PHILADELPHIA (AP) — Organizers of the Mummers Parade are hopeful that cultural education efforts will help the city’s annual New Year’s celebration be more respectful and inclusive following a string of racially and ethnically offensive displays.
The initiatives include sensitivity training sessions and online videos that explore issues such as cultural appropriation and privilege, sexual identity and the rules of satire. Mummers’ leaders also published an open letter last week condemning “expressions of hate and bigotry.”
“We want to make this open for more people,” said George Badey, a veteran member of the Fralinger String Band and chairman of Love the Mummers. “The parade needs to evolve and represent the full spectrum of Philadelphians.”
The Mummers Parade — a Philadelphia tradition since 1901 — is often likened to New Orleans’ Mardi Gras, or Carnival celebrations in the Caribbean and South America. It includes more than 10,000 performers divided into brigades; many wear ornate and expensive costumes, and some clubs create large props to accompany their musical performances. Spectators line the streets, and the parade is broadcast live on TV.
But the revelry has been tarnished in recent years. The 2013 parade included a minstrel theme and Delhi-based call center routine. In 2015, a member of a brigade known as “wenches” carried a sign saying “Wench Lives Matter,” a slight to the activist organization Black Lives Matter.
Then in January, one skit mocked transgender celebrity Caitlyn Jenner and another featured participants who painted their faces brown to portray Mexicans.
Mayor Jim Kenney, a city native and proud former Mummer, condemned the performances. In a recent statement, Kenney urged the Mummers to display a more respectful tone that celebrates the group’s tradition of satire and pageantry as well as the city’s diversity.
“Now, we need all Mummers, not just leadership, to honor that goal because, as we’ve seen in past years, one bad skit or one bad actor can ruin the reputation of the whole parade and hurt a lot of (Philadelphians),” the statement read.
Kenney has said that the free services the city provides to the Mummers, including sanitation and policing, could be at risk moving forward if there are further culturally offensive incidents.

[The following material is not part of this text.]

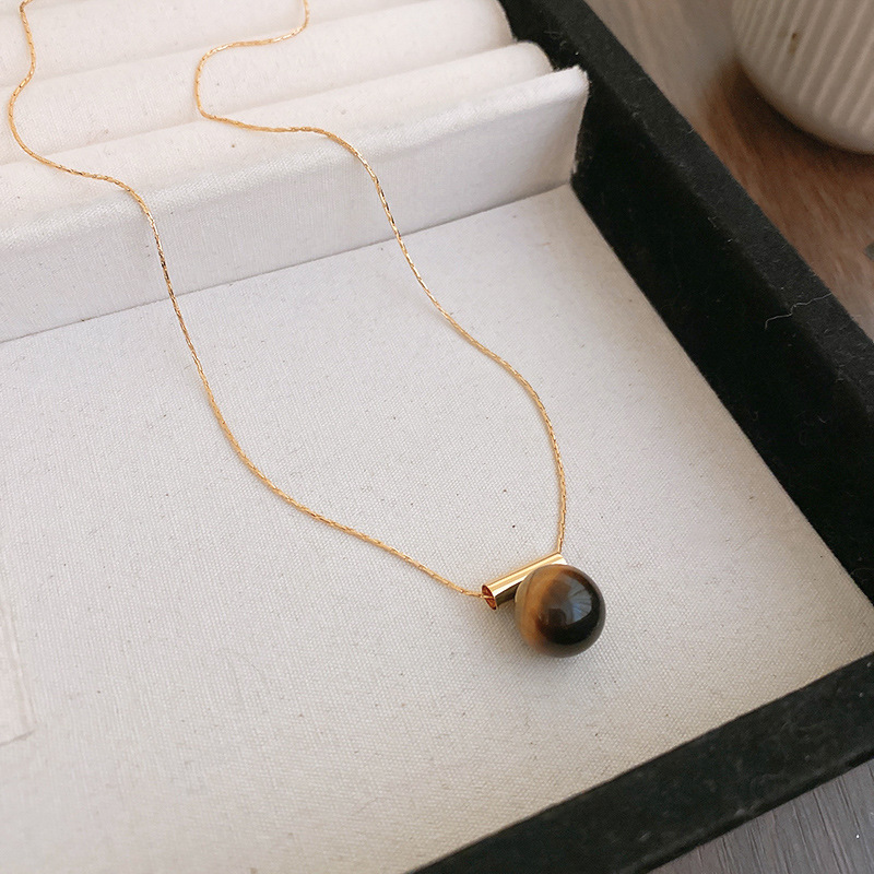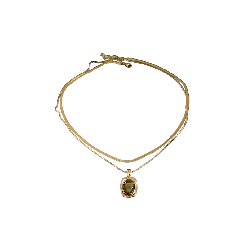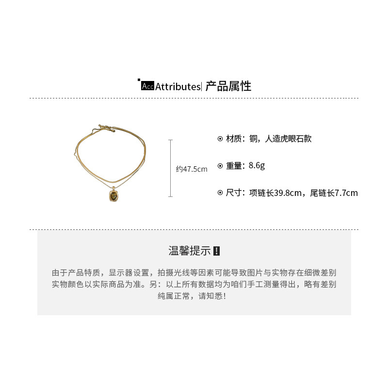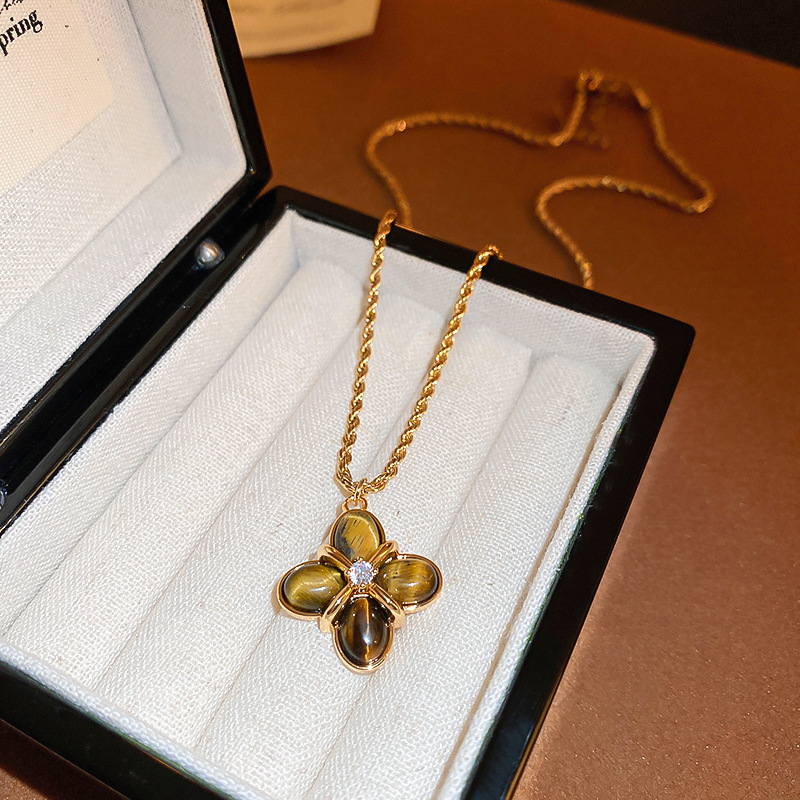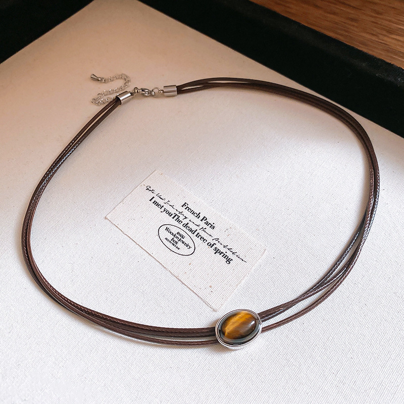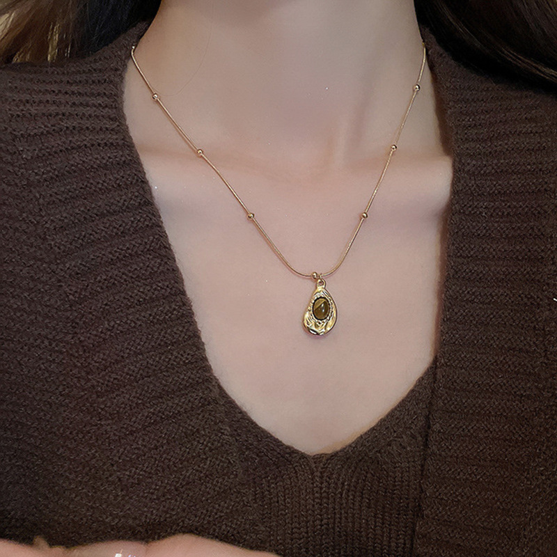秋冬复古花朵圆形人造虎眼石款项链高级感毛衣链轻奢小众卫衣项饰

The sensitivity training sessions are not mandatory, but a voluntary initiative between Mummers and the city. Nellie Fitzpatrick, Philadelphia’s LGBT liaison, led the session on homophobia and transphobia, and said much of the response was positive.
“While they might think a skit making fun of Caitlyn Jenner is teasing a celebrity deserving of ridicule, for many people, by attacking her, it is sanctioning and approving a message that making fun of transgender people is an OK thing to do,” Fitzpatrick explained. “Some Mummers have reached out and said, ‘We didn’t know. This was really informative.’ That gives me hope that there can be a different experience.”
For much of their history, Mummers groups included only white men. Women were allowed just a few decades ago. The tradition is also a family legacy, with many clubs based in south Philadelphia.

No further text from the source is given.